(YOUR TASK)
Below are entries with pictures in them. Output exactly the lines starting at the line with "the past eight" and ending at the line with "On the Sumac", both included, but not the pictures.
Start of INFORMATION SUPPLIED
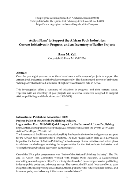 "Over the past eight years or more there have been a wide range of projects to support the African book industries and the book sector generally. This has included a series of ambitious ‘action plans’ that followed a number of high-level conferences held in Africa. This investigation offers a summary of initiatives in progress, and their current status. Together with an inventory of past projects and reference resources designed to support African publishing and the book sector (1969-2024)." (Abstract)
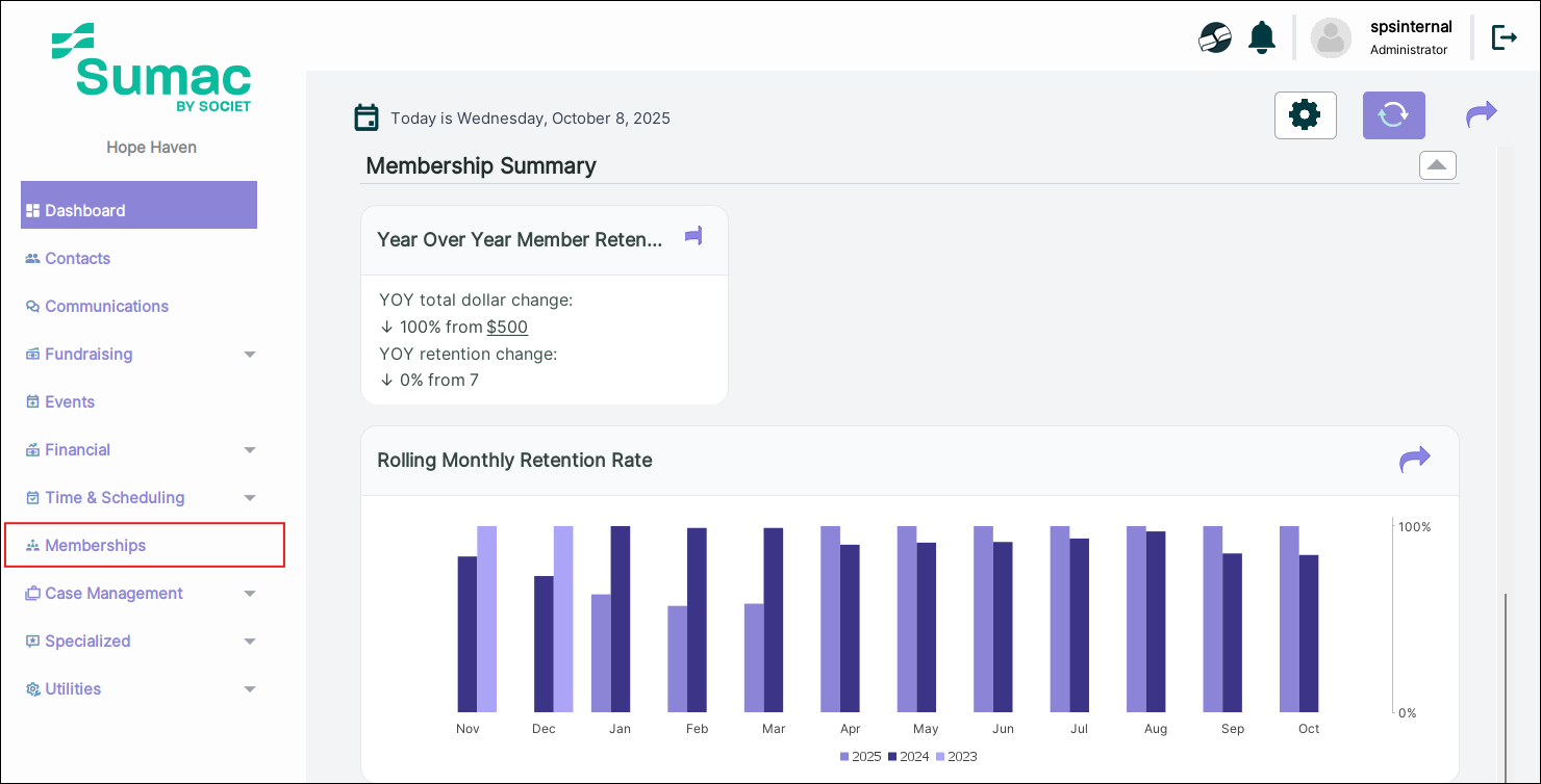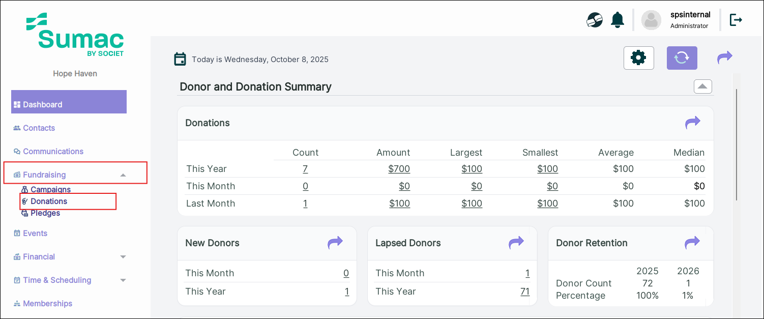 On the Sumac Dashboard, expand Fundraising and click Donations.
End of INFORMATION SUPPLIED
Start of INFORMATION SUPPLIED
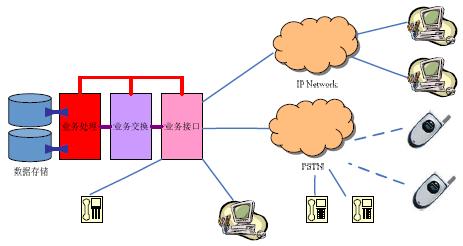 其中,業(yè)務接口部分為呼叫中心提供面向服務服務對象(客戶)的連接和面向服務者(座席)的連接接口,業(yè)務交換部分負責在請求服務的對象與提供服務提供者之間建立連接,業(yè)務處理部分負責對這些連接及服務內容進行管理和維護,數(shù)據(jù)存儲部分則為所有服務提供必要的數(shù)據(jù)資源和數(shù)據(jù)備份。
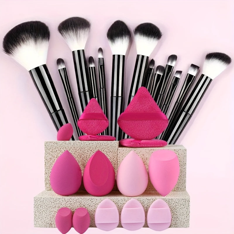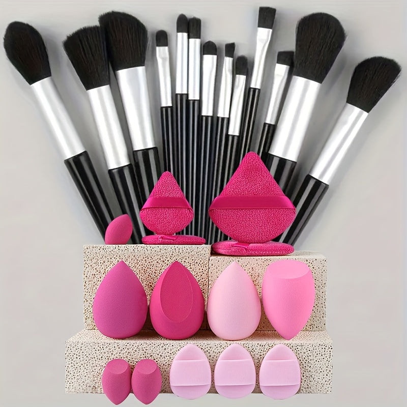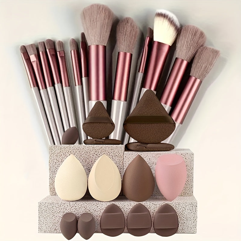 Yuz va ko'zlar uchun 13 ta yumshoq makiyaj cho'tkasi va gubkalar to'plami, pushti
End of INFORMATION SUPPLIED
Start of INFORMATION SUPPLIED
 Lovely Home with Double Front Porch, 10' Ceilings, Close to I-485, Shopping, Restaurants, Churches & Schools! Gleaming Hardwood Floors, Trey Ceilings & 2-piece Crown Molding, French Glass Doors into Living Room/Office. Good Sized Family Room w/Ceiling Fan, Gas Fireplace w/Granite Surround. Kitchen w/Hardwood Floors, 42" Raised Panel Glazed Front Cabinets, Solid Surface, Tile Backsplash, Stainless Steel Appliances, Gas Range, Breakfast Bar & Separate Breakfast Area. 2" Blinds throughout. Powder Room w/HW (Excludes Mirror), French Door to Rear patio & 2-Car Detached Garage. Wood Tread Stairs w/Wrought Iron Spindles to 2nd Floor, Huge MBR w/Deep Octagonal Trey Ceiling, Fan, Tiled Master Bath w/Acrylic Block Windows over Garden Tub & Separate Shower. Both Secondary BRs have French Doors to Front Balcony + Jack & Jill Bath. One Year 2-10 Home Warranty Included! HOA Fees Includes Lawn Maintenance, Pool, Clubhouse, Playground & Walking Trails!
End of INFORMATION SUPPLIED
(SOLUTION BELOW)
 "Over the past eight years or more there have been a wide range of projects to support the African book industries and the book sector generally. This has included a series of ambitious ‘action plans’ that followed a number of high-level conferences held in Africa. This investigation offers a summary of initiatives in progress, and their current status. Together with an inventory of past projects and reference resources designed to support African publishing and the book sector (1969-2024)." (Abstract)
 On the Sumac Dashboard, expand Fundraising and click Donations.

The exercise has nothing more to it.